К вечеру Настасья решительно вышла из дома. Навстречу ей попались две дамы, судя теперь не столько по одежде, сколько по общему облику, из бывших: полная и не очень. Та, что пополнее отчаянно грызла ногти. Обе проводили Ртищеву долгим взглядом, который она ощутила и даже повернулась к ним. Обе смутились и тут же поспешили прочь. Когда Ртищева вошла в полутёмное помещение ресторана, или попросту - питейного заведения не первой свежести, её обдал противный кислый душок и чувство промозглой сырости. Подняв глаза, она тут же встретила его прямой вызывающе-галантный взгляд из-под дуги чёрных бровей.
- Несказанно рад Вас здесь видеть, Настасья Николавна, присаживайтесь. Я знал, что Вы рано, или поздно придёте, - Валет оскалил чисто белые ровные зубы, что можно было встретить не часто и в его годы.
- Вы очень уж уверены в себе, Олег... Вы не упомянули своё отчество... – ответила Настасья, отбросив минутную завороженность его очами.
- Пустое. Просто Олег. Мне так приятнее. Мы с Вами ещё молоды. Место здесь, конечно, не для такой дамы, как Вы. Вы уж простите. Но заходить в места рангом повыше опасаюсь. Там можно в наше время нарваться на чекистов и прочую шваль, - Олег пригладил свой и без того безупречный английский пробор.
- А Вы не боитесь, что и стены имеют здесь уши?
- Нет. Я мало чего боюсь. Жизнь такая.
- От чего же Вы, позвольте спросить, не на юге или востоке, где опаснее, но достойнее для мужчины сегодня? Мне кажется, что лишь там подобает находиться сейчас уважающему себя храброму человеку Ваших лет.
- А я вне политики, Настасья Николаевна. Был призван в пятнадцатом и этого мне вполне хватило. Давайте не будем о грустном. Позвольте налить Вам шампанского из старых запасов. Здесь убогая обстановка, но имеется не только одна водка. Есть и зубровка старорежимная. Ведь это просто чудо, что в прекрасном некогда городе, ставшем адом, есть места, где вам нальют настоящее шампанское. Разве не так? Кьянти, увы, теперь не подают. В заведениях попроще нынешние посетители требуют пива и, непременно, тёплого. От него скорее развозит. Появилась присказка: «холодное пиво и пиво без капли водки пьют одни пижоны».
- Хорошо. Один бокал.
- Вы не курите, очаровательная Настасья Николаевна?
- Никогда.
- Очень жаль. Порою длинная тонкая папироса украшает даму. Позволите тогда мне одному?
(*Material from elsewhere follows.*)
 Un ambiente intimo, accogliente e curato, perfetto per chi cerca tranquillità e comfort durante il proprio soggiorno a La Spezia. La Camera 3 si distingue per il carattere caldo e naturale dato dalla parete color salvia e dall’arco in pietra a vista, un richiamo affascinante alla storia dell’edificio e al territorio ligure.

- Если не в мою сторону...
- Вне сомнений. Вы от чего-то плохо обо мне думаете.
В противоположном углу зала, в полумраке, появился человек в шёлковой косоворотке с гитарой, который тихо запел, вяло перебирая струны:
- У ней следы проказы на руках и шёлковая блузка цвета хаки, и вечерами джигу в кабаках танцует девушка из Нагасаки…
- Согласитесь, что образ Ваш вызывает немало сомнений. Ничего не могу поделать с этим, несмотря на мою Вам благодарность.
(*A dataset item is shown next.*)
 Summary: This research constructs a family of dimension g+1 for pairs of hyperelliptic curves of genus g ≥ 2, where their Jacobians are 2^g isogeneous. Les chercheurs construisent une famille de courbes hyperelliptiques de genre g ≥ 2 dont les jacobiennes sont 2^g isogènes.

- Я Вас вполне понимаю: за порог Вашего дома шагнул незваный гость, испачкал кровью Ваши паркеты...
- Я не об этом. Меня интересует, что Вы сделали с Вигилянским, к примеру?
- Вы наивно полагаете, что этого прохиндея можно было оставлять свидетелем и, что он не побежал бы тут же в Чека. Донёс бы и на Вас…
- Так я и подумала в тот вечер. Но кто Вы, распоряжающийся жизнями и судьбами?
- Ваш покорный слуга и анархист в душе. По этой же причине никак не могу служить в белых армиях. Анархист от природы. К тому же – одиночка. Даже не потерпел бы вступить в партию анархистов. Какая же свобода может быть там, где хоть какое-либо объединение со структурой? И Кропоткин мне не указчик.
- А кто? Стенька Разин?
- И к нему бы не пошёл. Даже к украинским батькам. Слышали про таковых? По всей Малороссии бушуют. Я – вольный разбойник, предпочитающий своё собственное руководство. Не взыщите. До Октября меня всё влекло к столичной богеме и сам грешил рифмоплётством. Некогда подумывал открыть свою ресторацию под названием «Дама треф» и не иначе. Вся соль была в названии, которое бы согревало душу. И пусть это был бы не «Донон», не «Кюба» и не «Астория». Не суть. Главное – своё, уютное место для богемных вечеров. Так, тихо прожить остаток дней хотел. Но судьбы распорядилась иначе. Не долго мне уж здесь осталось. Пока идёт война, у большевиков руки до всех не дотягиваются, но как только они победят, жизни таким как я не будет – воздуха не хватит.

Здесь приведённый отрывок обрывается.